Sheikh Mohammed, 60, says speed is central to his governing style, and cites the influence of his father, Sheik Rashid bin Saeed Al Maktoum, who died in 1990.
"I follow his example," Sheikh Mohammed says on his website. "He would rise early and go alone to watch what was happening on each of his projects. I do the same. I watch. I read faces. I take decisions and I move fast. Full throttle."
Abu Dhabi's rulers are more inclined to apply the brakes.
Sheikh Khalifa, born in 1948, is "more your typical sphinx-like ruler who's well-respected but doesn't say much in public", Krane said.
He has become known in the world of philanthropy. Sheikh Khalifa is donating an undisclosed sum to fund a cardiovascular and critical-care building for Johns Hopkins Hospital in Baltimore.
The gift came after Johns Hopkins treated UAE patients, including members of the royal family, for two decades, and is "among the most significant Hopkins has received", Hopkins Medicine magazine Dome reported in June 2007.

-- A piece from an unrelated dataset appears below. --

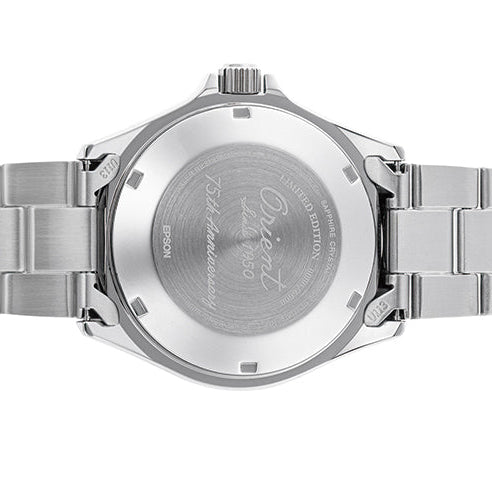 Uret måler 41,8 mm og er fremstillet i rustfrit stål med skruet bagkasse og skruekrone, som sikrer en imponerende vandtæthed på op til 20 bar (200 meter). Bagkassen er prydet med en elegant indgravering: “Orient Since 1950 – 75th Anniversary”, samt et individuelt serienummer, hvilket gør hvert ur i denne begrænsede serie på kun 6.000 styk helt unikt.

Sheikh Khalifa's younger brother, Crown Prince Sheikh Mohammed bin Zayed Al Nahyan, who hosted an April 2007 ceremony for Johns Hopkins officials in Abu Dhabi, is a key decision-maker there and more inclined to emulate Dubai's global glitter, Krane said.

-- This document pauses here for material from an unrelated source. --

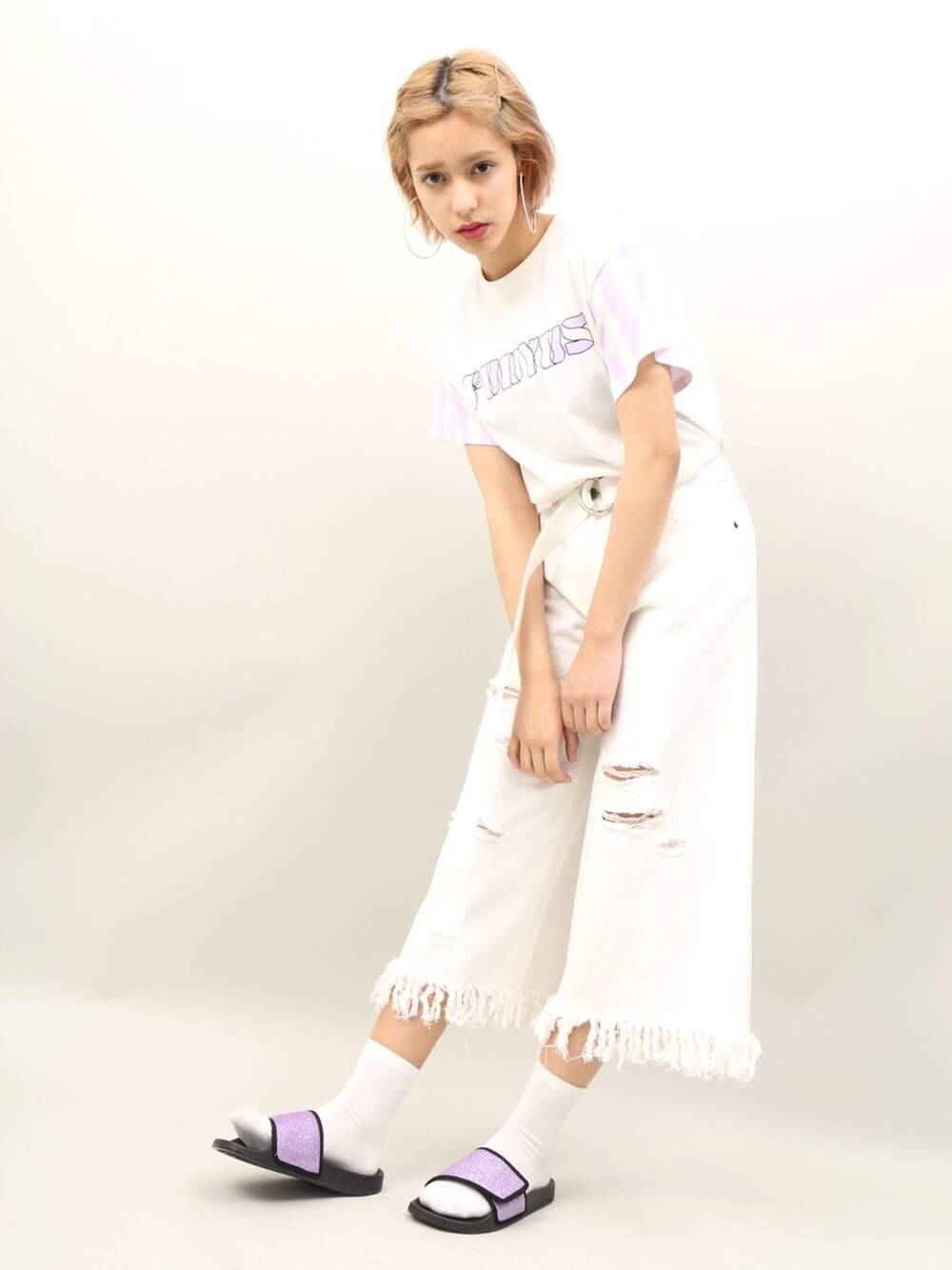 夏らしいホワイトコーデに パープルを差し色に♡! クラッシュパンツは 裾のフリンジとクラッシュが トレンド感満載◎!

Abu Dhabi is building branches of the Louvre and Guggenheim museums, and held its first Formula One Grand Prix last month at a new desert racetrack. Beyonce and Aerosmith played at the closing concert.
Abu Dhabi's rescue helped pare losses on the region's stock market.
Still, Dubai's benchmark DFM General Index is down 9.6 per cent, while Abu Dhabi's index has fallen 2.5 per cent, since the November 25 announcement.
Sheikh Mohammed said at the Merrill conference on November 9 anyone who doubted the solidarity of Abu Dhabi and Dubai should "shut up".
Two months earlier, he sparked a local market rally by telling reporters at the Zabeel Palace: "We are all right, the UAE is all right, and we are not worried" about debt payments.
"In the last few months his statements have been misleading at best, actually quite duplicitous," Davidson said.
"How do you recover from that? I'm not sure you can. And I'm not sure Abu Dhabi wants him to."
LIFELINE
* Abu Dhabi on Monday gave Dubai a US$10 billion injection.
* US$4.1 billion has been allocated to pay off immediate Dubai World debt.
* The rest will help meet Dubai World's costs as it negotiates with creditors.